--- YOUR ASSIGNMENT ---
Output every record exactly and leave each picture out.

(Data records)
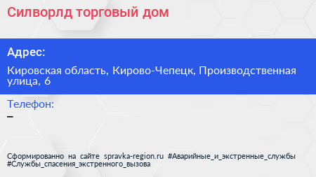 Силворлд, торговый дом по адресу Кировская область, Кирово-Чепецк, Производственная улица, 6 в дальнейшем Организация, размещена в следующих категориях:
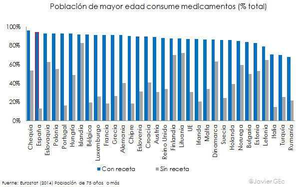 Y dentro del consumo de medicamentos, resulta relevante que mientras un 93% de la población española de más edad consume medicamentos con receta -únicamente por detrás de los checos en Europa- tan sólo el 13% lo hace sin ella -la menor tasa en Europa-.
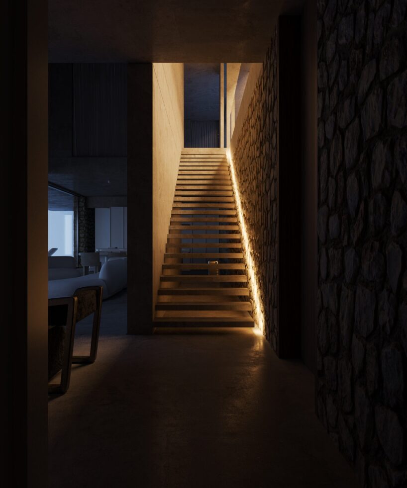 Double-height volumes and carefully positioned light portals increase openness and reinforce the project’s emphasis on spatial clarity. Ambient lighting further supports comfort and visual continuity throughout the home. The program,  developed by SHOVK Studio, includes four rooms, a spacious common area, a library, and an open terrace oriented toward the mountains and the ocean. Across both structure and interior, the design responds to the site’s physical characteristics and visual identity, establishing a residence grounded in its coastal setting.
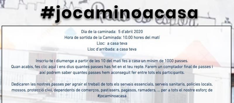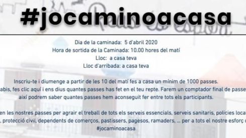 Davant la situació de confinament de la població i amb l’objectiu de dinamitzar activitats saludables la regidoria impulsa per a aquest diumenge una caminada popular a casa, que s’inclourà al calendari de d’activitats fisícoesportives de caràcter obert i participatiu de l’any 2020. Amb el lema #jocaminoacasa l’activitat serà aquest diumenge dia 5 d’abril, a les 10:00 h del matí.
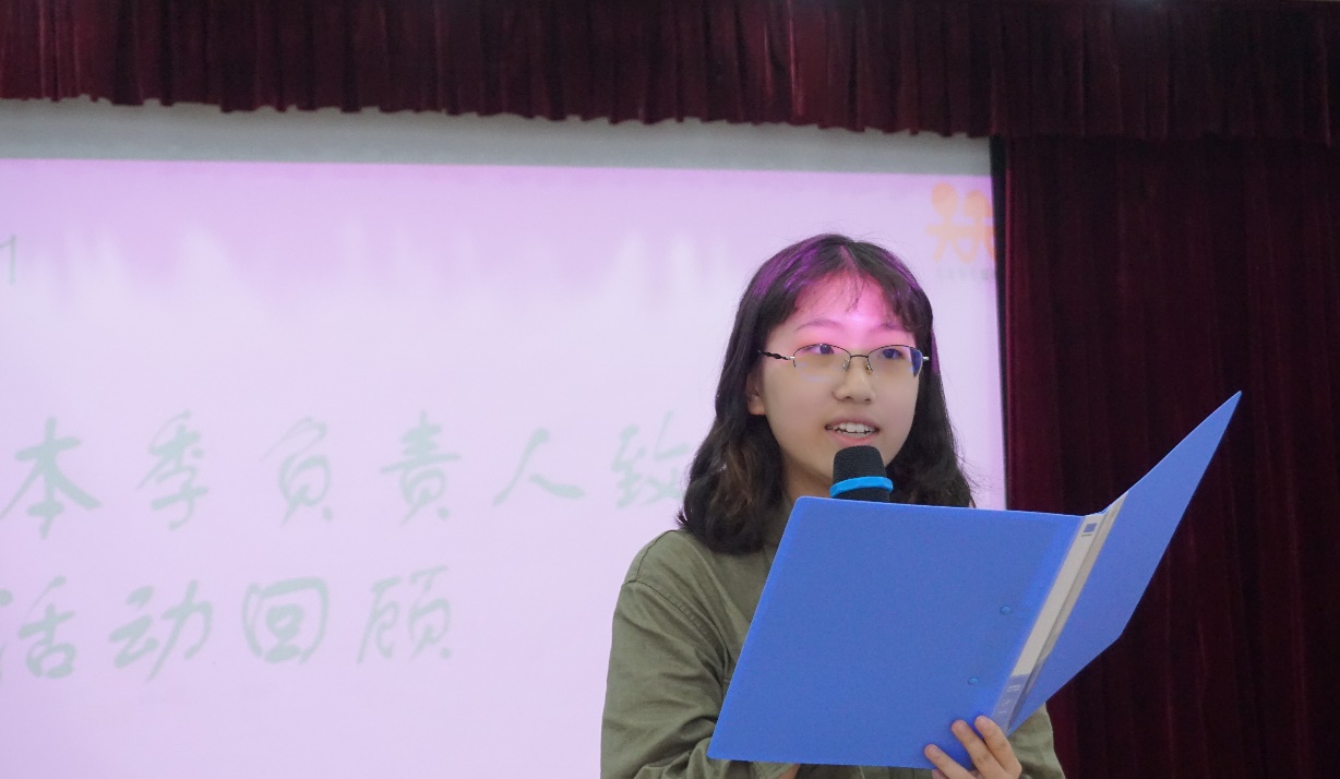 紧接着,本季活动的志愿者代表柴圣坤同学上台发言。她作为上一季“大哥哥大姐姐”计划的参与者之一对新一代的志愿者提出了几点建议:第一,每个人都是拥有无限潜能的个体,我们要看到每个小朋友的特别之处和闪光点;其次,由于时代变迁,距我们小时候教材已经几经变革,志愿者们要充分备课,做好准备;第三,我们要充分利用网络资源,跟进最新的教材。最后,她希望我们都能在活动中获得宝贵的体验。
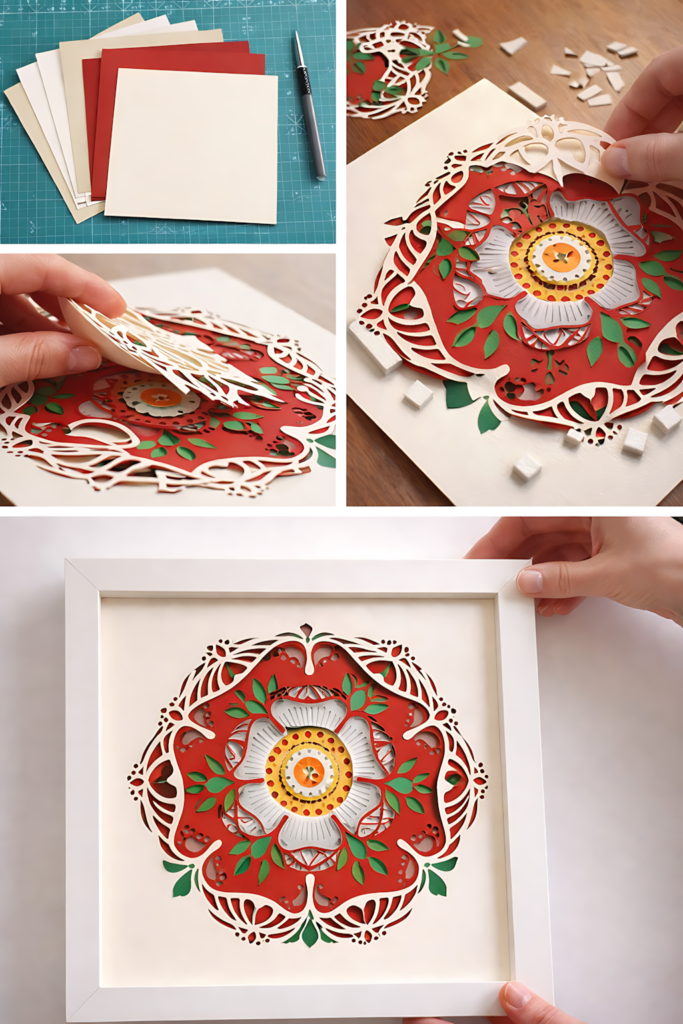 The basics are cardstock, scissors or a cutting machine, glue or foam tape, and a shadow box frame that fits your design’s dimensions. Many templates can also be adapted for a light box setup — just add LED strip lighting between the layers and let the design do the rest.
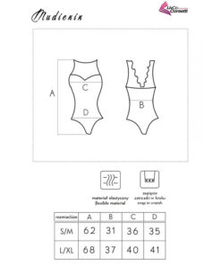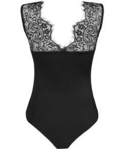 The Mudienin model is a universal black bodysuit that will work not only in the bedroom, but also as part of an everyday outfit. The design uses sensual and feminine lace and smooth, subtly shiny material, which together guarantee an effect of chic and sensuality. The bodysuits have a classic cut with a cutout at the back. They reveal the buttocks while covering the bust area with subtle lace. The lace accent also appears on the back of the costume, which draws the eye to women’s shoulder blades and arms.
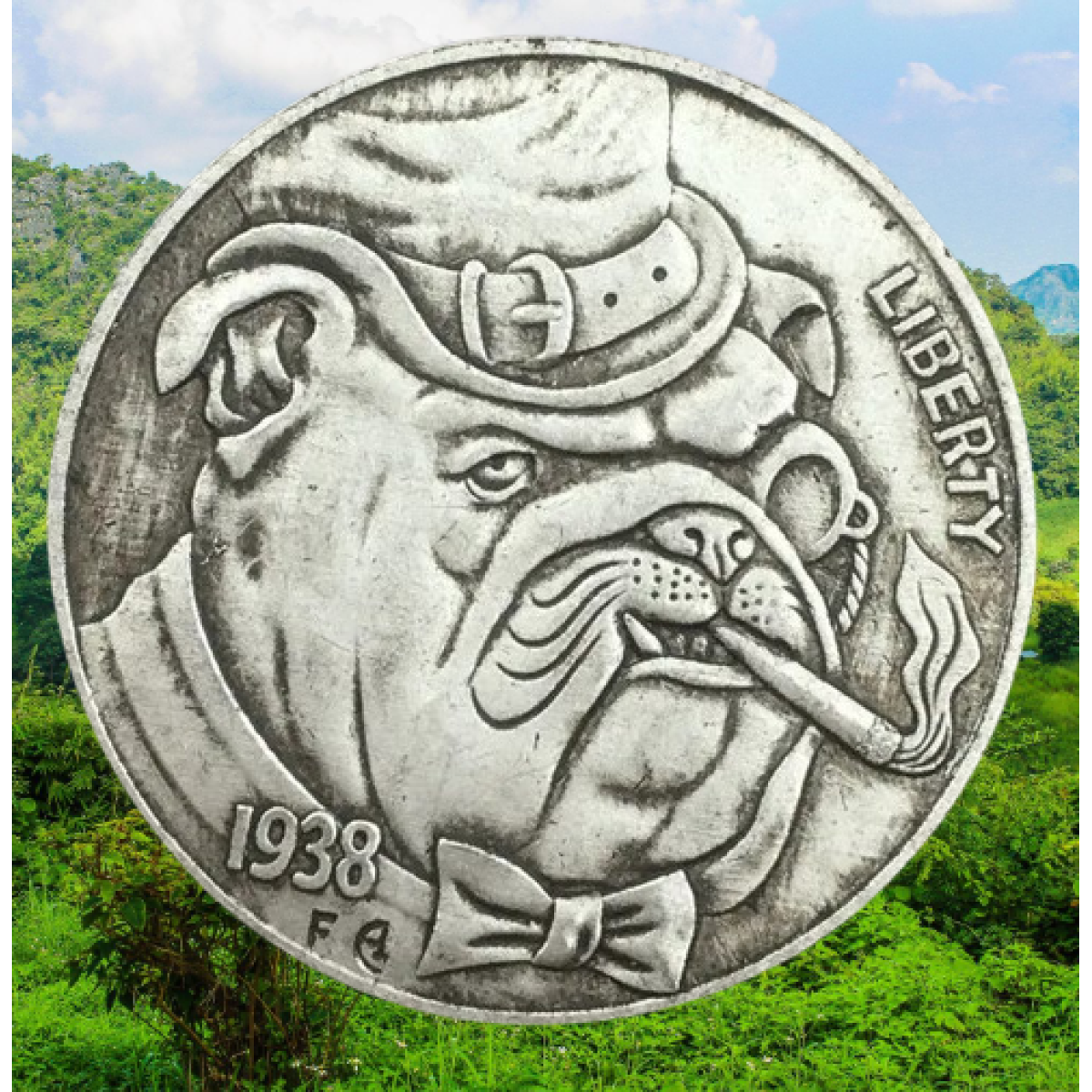 Сувенір монета долар США 1938г “Бульдог із сигарою“. Hobo Coin American Morgan
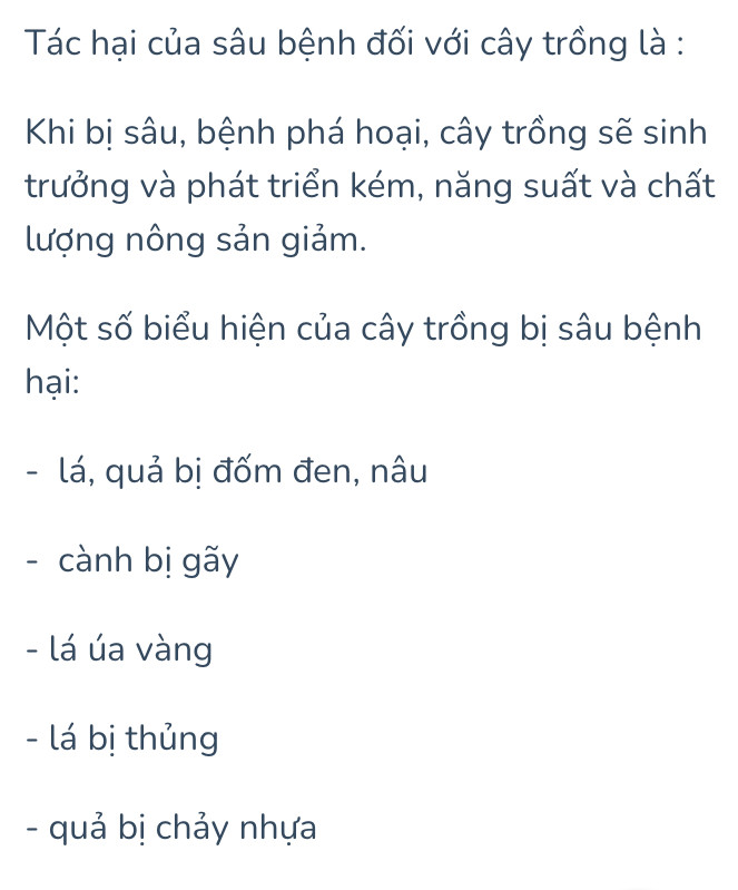 Gây bện cho cây trồng như ủng, lá vàng, thủng lá, sần sùi ,...

--- SOLUTION FOR THIS EXERCISE ---
 Силворлд, торговый дом по адресу Кировская область, Кирово-Чепецк, Производственная улица, 6 в дальнейшем Организация, размещена в следующих категориях:
 Y dentro del consumo de medicamentos, resulta relevante que mientras un 93% de la población española de más edad consume medicamentos con receta -únicamente por detrás de los checos en Europa- tan sólo el 13% lo hace sin ella -la menor tasa en Europa-.
 Double-height volumes and carefully positioned light portals increase openness and reinforce the project’s emphasis on spatial clarity. Ambient lighting further supports comfort and visual continuity throughout the home. The program,  developed by SHOVK Studio, includes four rooms, a spacious common area, a library, and an open terrace oriented toward the mountains and the ocean. Across both structure and interior, the design responds to the site’s physical characteristics and visual identity, establishing a residence grounded in its coastal setting.
 Davant la situació de confinament de la població i amb l’objectiu de dinamitzar activitats saludables la regidoria impulsa per a aquest diumenge una caminada popular a casa, que s’inclourà al calendari de d’activitats fisícoesportives de caràcter obert i participatiu de l’any 2020. Amb el lema #jocaminoacasa l’activitat serà aquest diumenge dia 5 d’abril, a les 10:00 h del matí.
 紧接着,本季活动的志愿者代表柴圣坤同学上台发言。她作为上一季“大哥哥大姐姐”计划的参与者之一对新一代的志愿者提出了几点建议:第一,每个人都是拥有无限潜能的个体,我们要看到每个小朋友的特别之处和闪光点;其次,由于时代变迁,距我们小时候教材已经几经变革,志愿者们要充分备课,做好准备;第三,我们要充分利用网络资源,跟进最新的教材。最后,她希望我们都能在活动中获得宝贵的体验。
 The basics are cardstock, scissors or a cutting machine, glue or foam tape, and a shadow box frame that fits your design’s dimensions. Many templates can also be adapted for a light box setup — just add LED strip lighting between the layers and let the design do the rest.
 The Mudienin model is a universal black bodysuit that will work not only in the bedroom, but also as part of an everyday outfit. The design uses sensual and feminine lace and smooth, subtly shiny material, which together guarantee an effect of chic and sensuality. The bodysuits have a classic cut with a cutout at the back. They reveal the buttocks while covering the bust area with subtle lace. The lace accent also appears on the back of the costume, which draws the eye to women’s shoulder blades and arms.
 Сувенір монета долар США 1938г “Бульдог із сигарою“. Hobo Coin American Morgan
 Gây bện cho cây trồng như ủng, lá vàng, thủng lá, sần sùi ,...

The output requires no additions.